- **EXTRACTED ENTRIES**
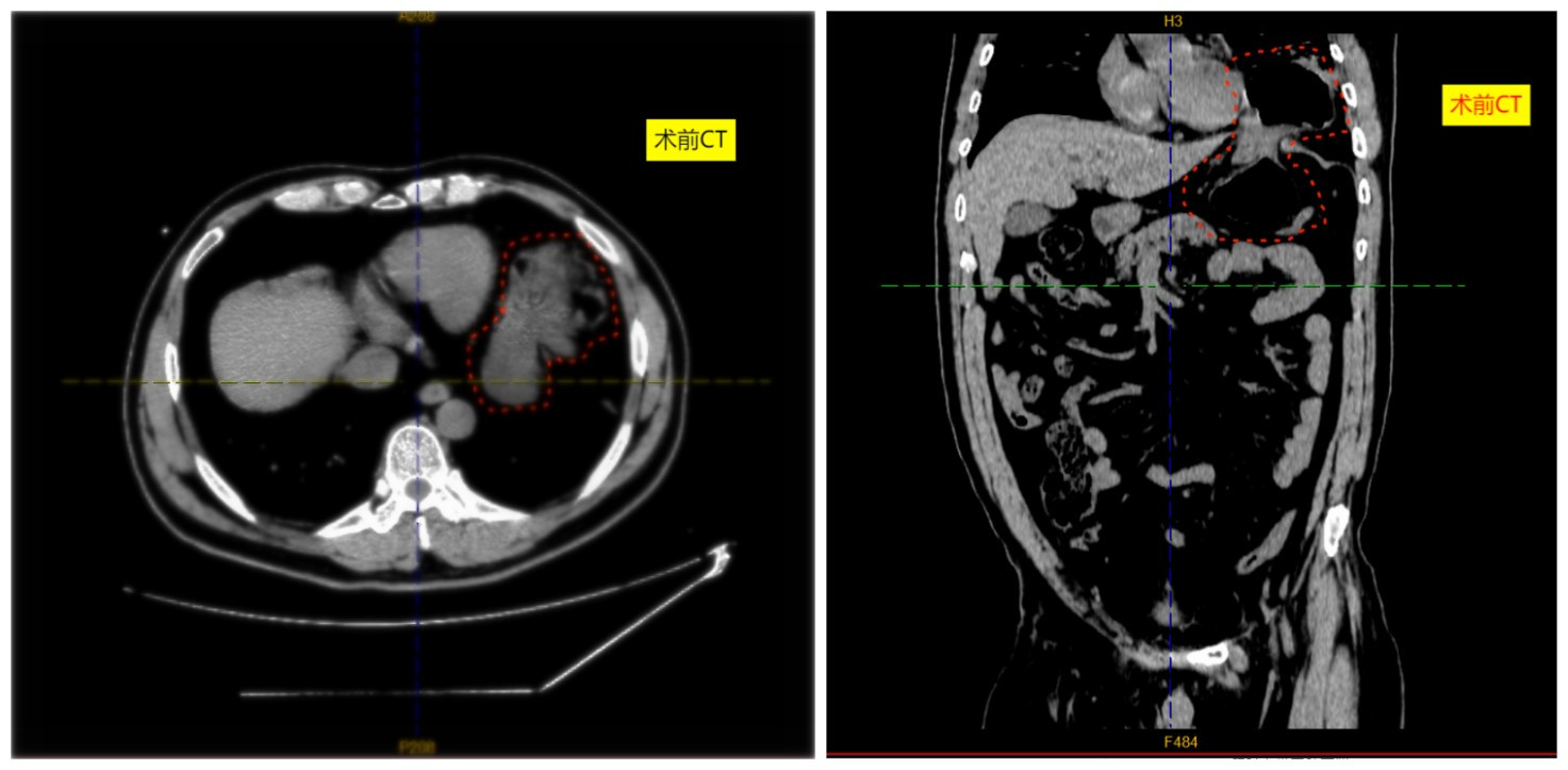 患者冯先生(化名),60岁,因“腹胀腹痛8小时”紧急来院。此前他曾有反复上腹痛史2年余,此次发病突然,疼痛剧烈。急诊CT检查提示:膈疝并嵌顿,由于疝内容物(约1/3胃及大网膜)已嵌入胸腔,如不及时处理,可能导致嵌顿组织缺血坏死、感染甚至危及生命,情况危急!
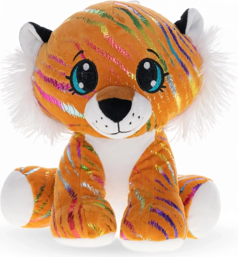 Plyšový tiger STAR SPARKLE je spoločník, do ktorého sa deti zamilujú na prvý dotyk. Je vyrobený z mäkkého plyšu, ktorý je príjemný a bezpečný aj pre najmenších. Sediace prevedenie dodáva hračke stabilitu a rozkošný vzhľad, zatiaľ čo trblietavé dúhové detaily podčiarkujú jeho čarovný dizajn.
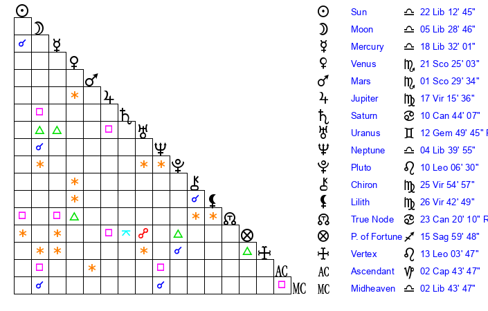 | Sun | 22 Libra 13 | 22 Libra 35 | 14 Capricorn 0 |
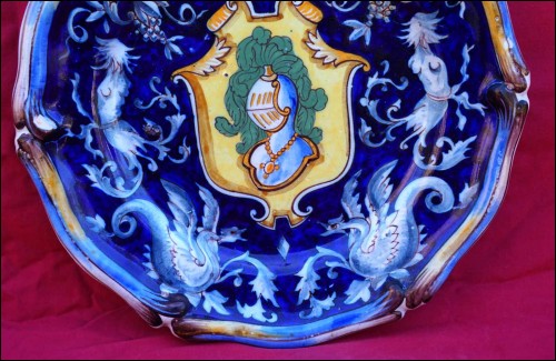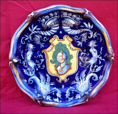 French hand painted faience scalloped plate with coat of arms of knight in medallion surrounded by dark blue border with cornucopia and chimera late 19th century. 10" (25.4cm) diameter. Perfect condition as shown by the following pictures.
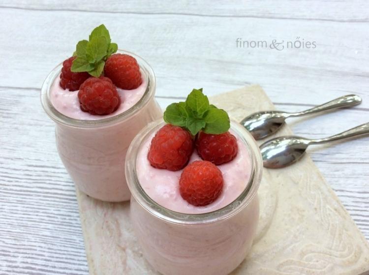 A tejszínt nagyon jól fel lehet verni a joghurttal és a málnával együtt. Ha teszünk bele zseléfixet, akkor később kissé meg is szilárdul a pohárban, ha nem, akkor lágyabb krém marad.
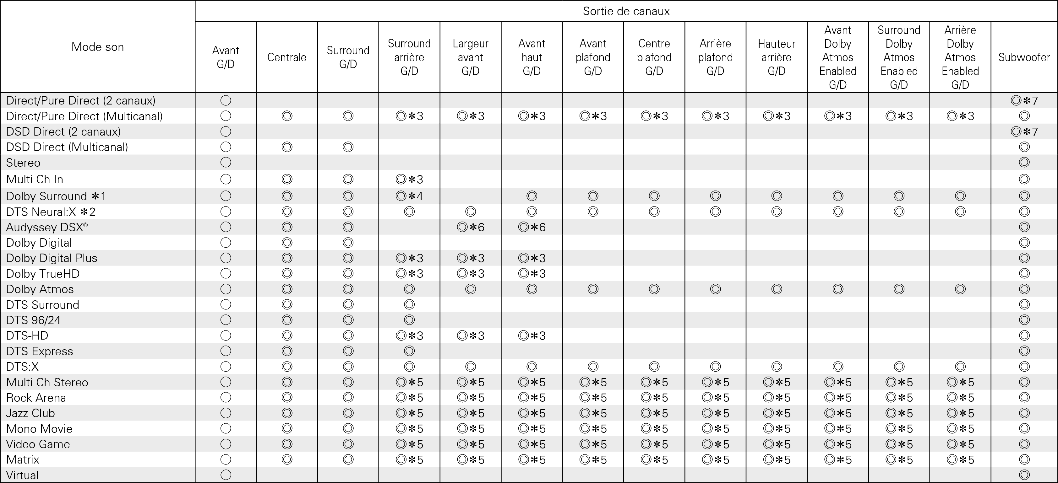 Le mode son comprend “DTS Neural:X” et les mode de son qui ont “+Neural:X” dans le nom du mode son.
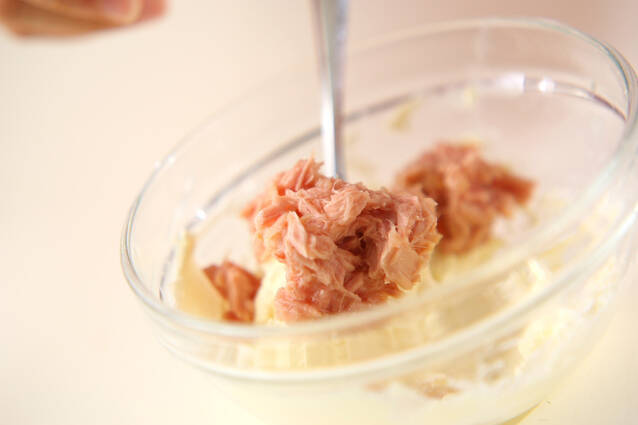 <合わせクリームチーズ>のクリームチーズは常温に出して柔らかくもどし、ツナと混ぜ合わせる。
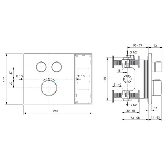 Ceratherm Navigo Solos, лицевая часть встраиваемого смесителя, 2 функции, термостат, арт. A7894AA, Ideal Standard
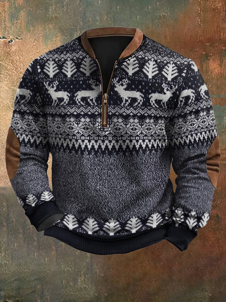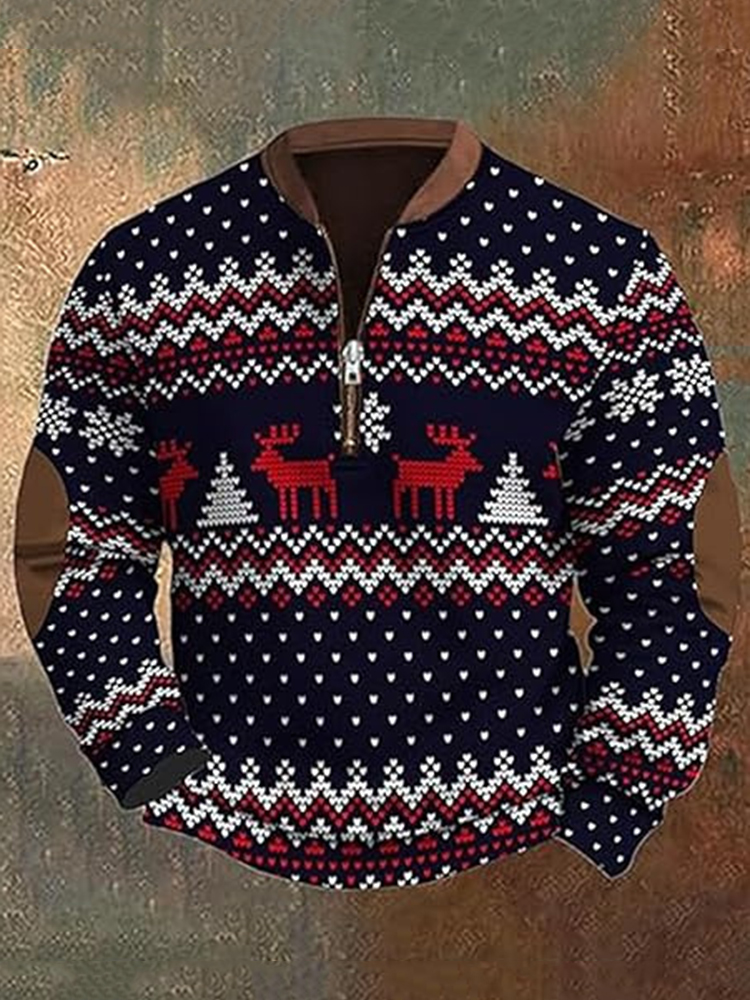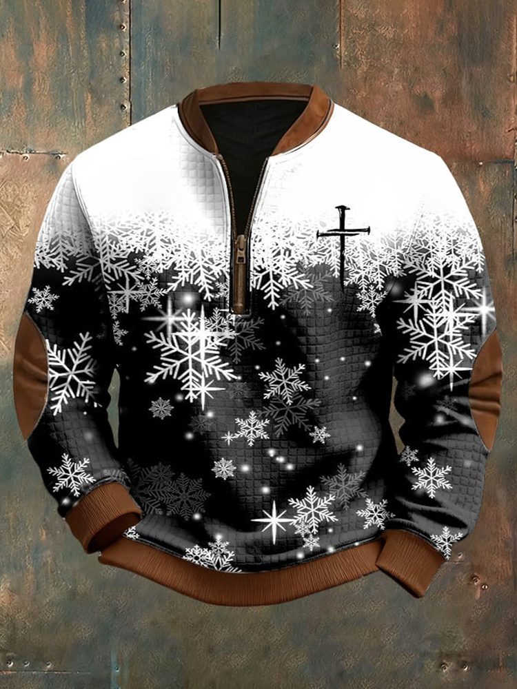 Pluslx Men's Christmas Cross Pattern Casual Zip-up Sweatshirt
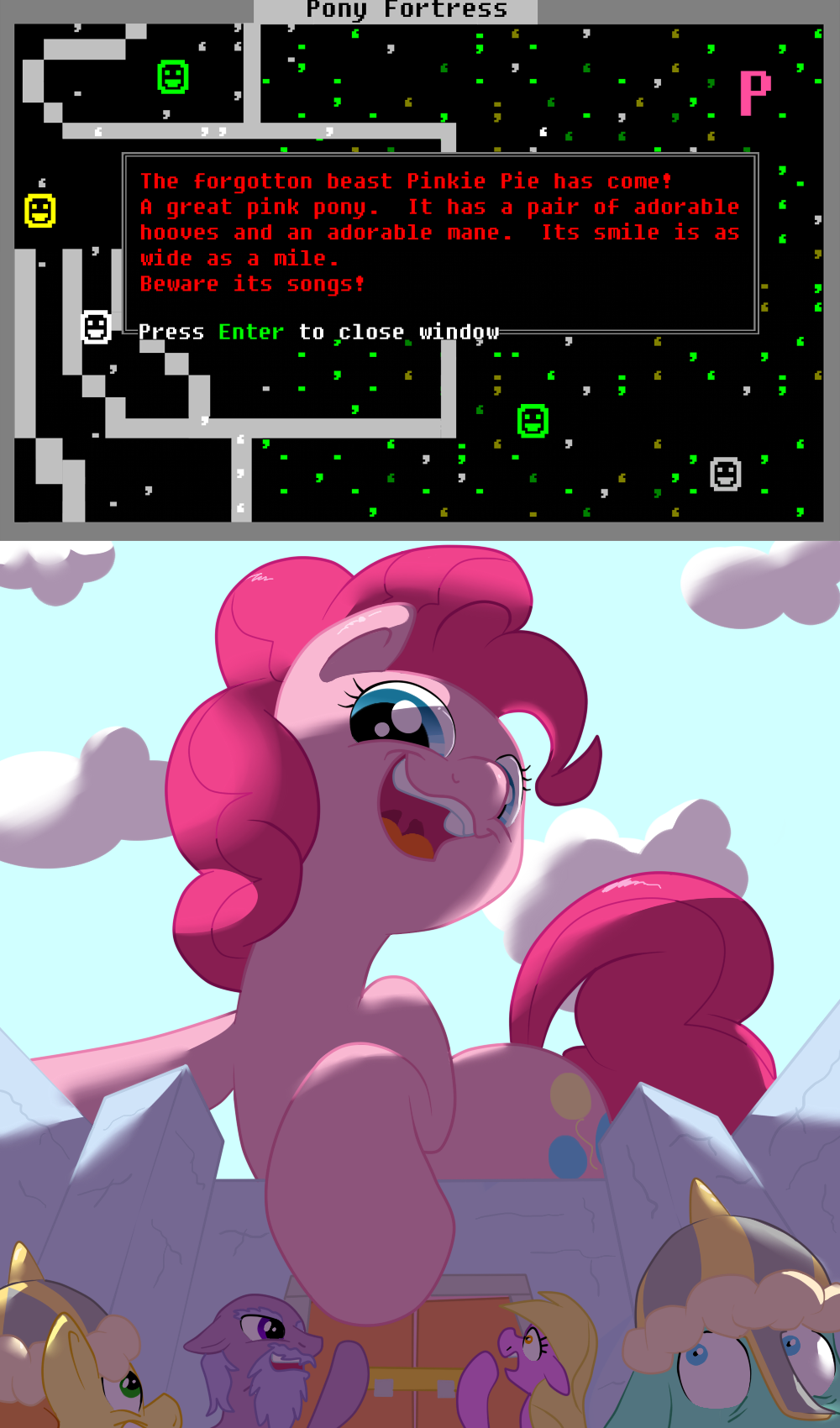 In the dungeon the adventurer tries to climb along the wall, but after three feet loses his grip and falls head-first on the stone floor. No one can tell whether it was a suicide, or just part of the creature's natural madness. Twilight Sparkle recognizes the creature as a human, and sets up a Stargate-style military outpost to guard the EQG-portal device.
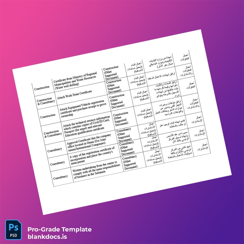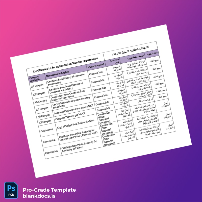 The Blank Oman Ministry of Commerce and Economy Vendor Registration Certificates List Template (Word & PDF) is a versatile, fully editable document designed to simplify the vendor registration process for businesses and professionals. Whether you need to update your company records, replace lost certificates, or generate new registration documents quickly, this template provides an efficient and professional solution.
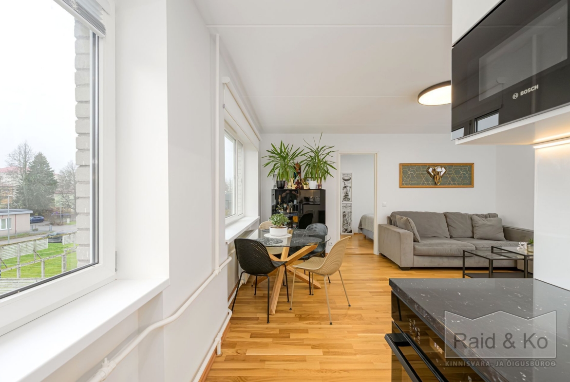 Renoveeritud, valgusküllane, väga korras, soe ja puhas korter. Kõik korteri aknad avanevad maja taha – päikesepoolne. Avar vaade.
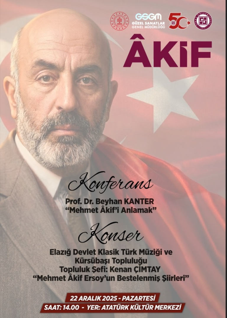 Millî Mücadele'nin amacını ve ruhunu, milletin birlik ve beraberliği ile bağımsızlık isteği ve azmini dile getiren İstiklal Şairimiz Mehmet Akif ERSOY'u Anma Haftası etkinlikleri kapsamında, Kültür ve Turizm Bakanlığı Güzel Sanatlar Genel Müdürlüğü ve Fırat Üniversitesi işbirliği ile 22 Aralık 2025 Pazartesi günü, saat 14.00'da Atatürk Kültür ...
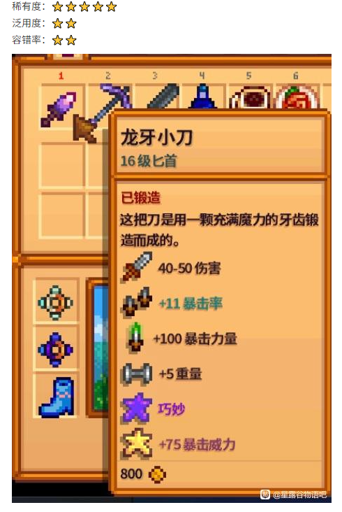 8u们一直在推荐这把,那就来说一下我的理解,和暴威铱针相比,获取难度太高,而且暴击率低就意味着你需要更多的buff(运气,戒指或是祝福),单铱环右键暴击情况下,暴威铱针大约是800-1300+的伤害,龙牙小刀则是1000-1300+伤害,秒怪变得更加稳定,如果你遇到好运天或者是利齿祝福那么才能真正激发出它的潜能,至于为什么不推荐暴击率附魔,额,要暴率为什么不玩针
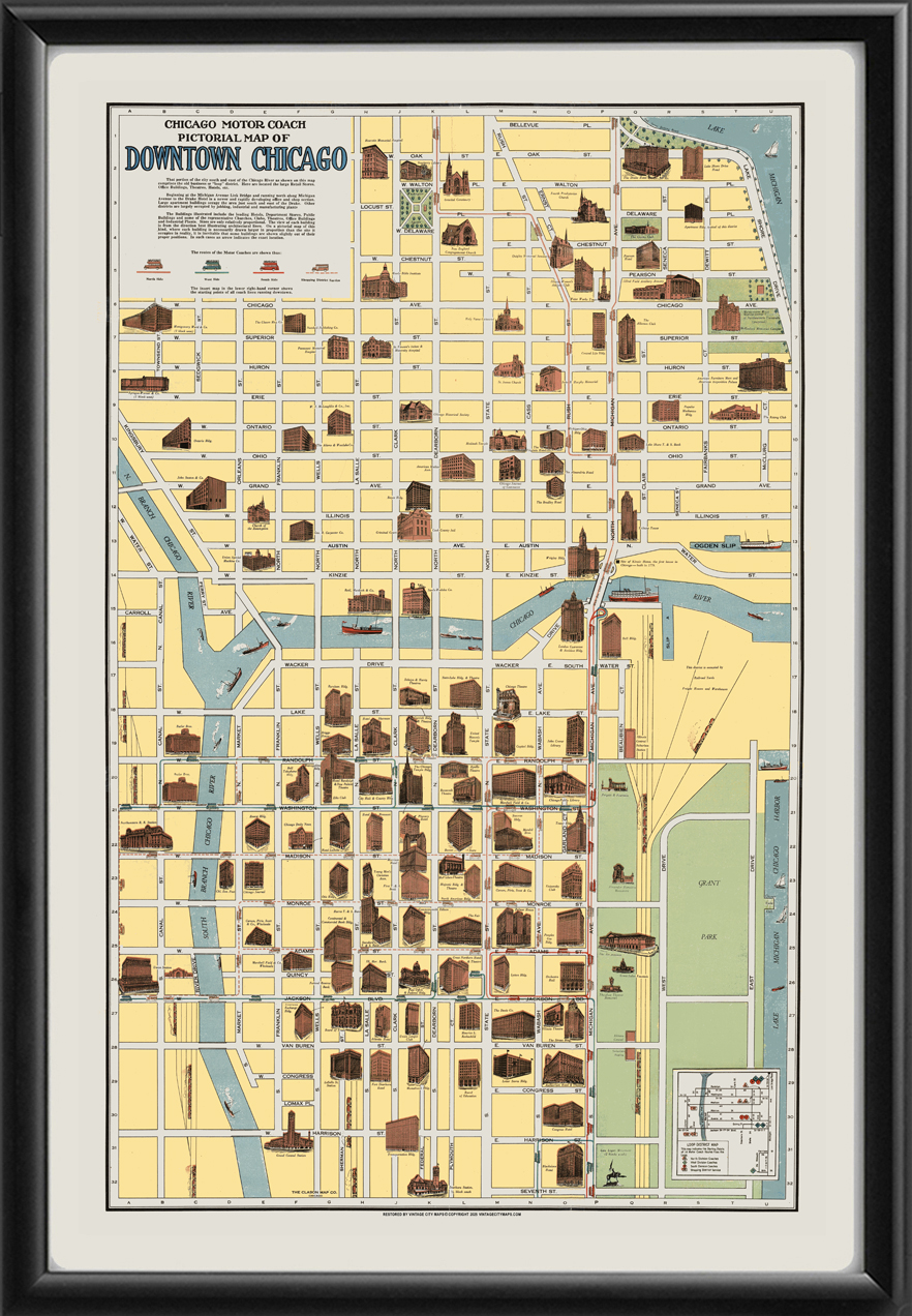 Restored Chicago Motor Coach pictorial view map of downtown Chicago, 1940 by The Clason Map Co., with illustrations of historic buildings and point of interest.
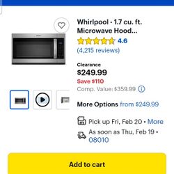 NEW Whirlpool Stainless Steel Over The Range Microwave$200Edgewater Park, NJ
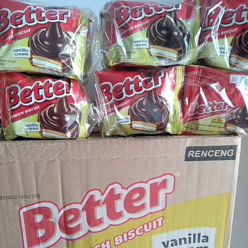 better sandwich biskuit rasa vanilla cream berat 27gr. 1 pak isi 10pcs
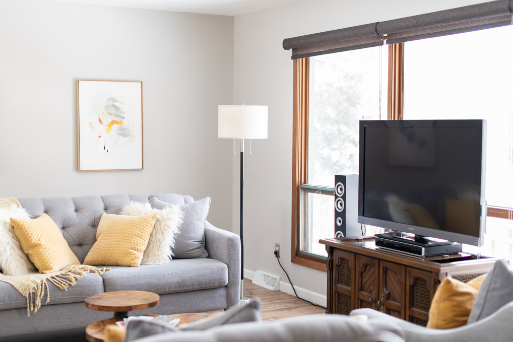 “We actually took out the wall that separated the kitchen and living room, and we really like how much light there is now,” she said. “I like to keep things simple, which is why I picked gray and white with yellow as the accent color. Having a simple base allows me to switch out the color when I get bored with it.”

- **GOAL OF THE EXERCISE**
All of the data needs repeating exactly, but the pictures do not.

- **WRITTEN REPLY**
 患者冯先生(化名),60岁,因“腹胀腹痛8小时”紧急来院。此前他曾有反复上腹痛史2年余,此次发病突然,疼痛剧烈。急诊CT检查提示:膈疝并嵌顿,由于疝内容物(约1/3胃及大网膜)已嵌入胸腔,如不及时处理,可能导致嵌顿组织缺血坏死、感染甚至危及生命,情况危急!
 Plyšový tiger STAR SPARKLE je spoločník, do ktorého sa deti zamilujú na prvý dotyk. Je vyrobený z mäkkého plyšu, ktorý je príjemný a bezpečný aj pre najmenších. Sediace prevedenie dodáva hračke stabilitu a rozkošný vzhľad, zatiaľ čo trblietavé dúhové detaily podčiarkujú jeho čarovný dizajn.
 | Sun | 22 Libra 13 | 22 Libra 35 | 14 Capricorn 0 |
 French hand painted faience scalloped plate with coat of arms of knight in medallion surrounded by dark blue border with cornucopia and chimera late 19th century. 10" (25.4cm) diameter. Perfect condition as shown by the following pictures.
 A tejszínt nagyon jól fel lehet verni a joghurttal és a málnával együtt. Ha teszünk bele zseléfixet, akkor később kissé meg is szilárdul a pohárban, ha nem, akkor lágyabb krém marad.
 Le mode son comprend “DTS Neural:X” et les mode de son qui ont “+Neural:X” dans le nom du mode son.
 <合わせクリームチーズ>のクリームチーズは常温に出して柔らかくもどし、ツナと混ぜ合わせる。
 Ceratherm Navigo Solos, лицевая часть встраиваемого смесителя, 2 функции, термостат, арт. A7894AA, Ideal Standard
 Pluslx Men's Christmas Cross Pattern Casual Zip-up Sweatshirt
 In the dungeon the adventurer tries to climb along the wall, but after three feet loses his grip and falls head-first on the stone floor. No one can tell whether it was a suicide, or just part of the creature's natural madness. Twilight Sparkle recognizes the creature as a human, and sets up a Stargate-style military outpost to guard the EQG-portal device.
 The Blank Oman Ministry of Commerce and Economy Vendor Registration Certificates List Template (Word & PDF) is a versatile, fully editable document designed to simplify the vendor registration process for businesses and professionals. Whether you need to update your company records, replace lost certificates, or generate new registration documents quickly, this template provides an efficient and professional solution.
 Renoveeritud, valgusküllane, väga korras, soe ja puhas korter. Kõik korteri aknad avanevad maja taha – päikesepoolne. Avar vaade.
 Millî Mücadele'nin amacını ve ruhunu, milletin birlik ve beraberliği ile bağımsızlık isteği ve azmini dile getiren İstiklal Şairimiz Mehmet Akif ERSOY'u Anma Haftası etkinlikleri kapsamında, Kültür ve Turizm Bakanlığı Güzel Sanatlar Genel Müdürlüğü ve Fırat Üniversitesi işbirliği ile 22 Aralık 2025 Pazartesi günü, saat 14.00'da Atatürk Kültür ...
 8u们一直在推荐这把,那就来说一下我的理解,和暴威铱针相比,获取难度太高,而且暴击率低就意味着你需要更多的buff(运气,戒指或是祝福),单铱环右键暴击情况下,暴威铱针大约是800-1300+的伤害,龙牙小刀则是1000-1300+伤害,秒怪变得更加稳定,如果你遇到好运天或者是利齿祝福那么才能真正激发出它的潜能,至于为什么不推荐暴击率附魔,额,要暴率为什么不玩针
 Restored Chicago Motor Coach pictorial view map of downtown Chicago, 1940 by The Clason Map Co., with illustrations of historic buildings and point of interest.
 NEW Whirlpool Stainless Steel Over The Range Microwave$200Edgewater Park, NJ
 better sandwich biskuit rasa vanilla cream berat 27gr. 1 pak isi 10pcs
 “We actually took out the wall that separated the kitchen and living room, and we really like how much light there is now,” she said. “I like to keep things simple, which is why I picked gray and white with yellow as the accent color. Having a simple base allows me to switch out the color when I get bored with it.”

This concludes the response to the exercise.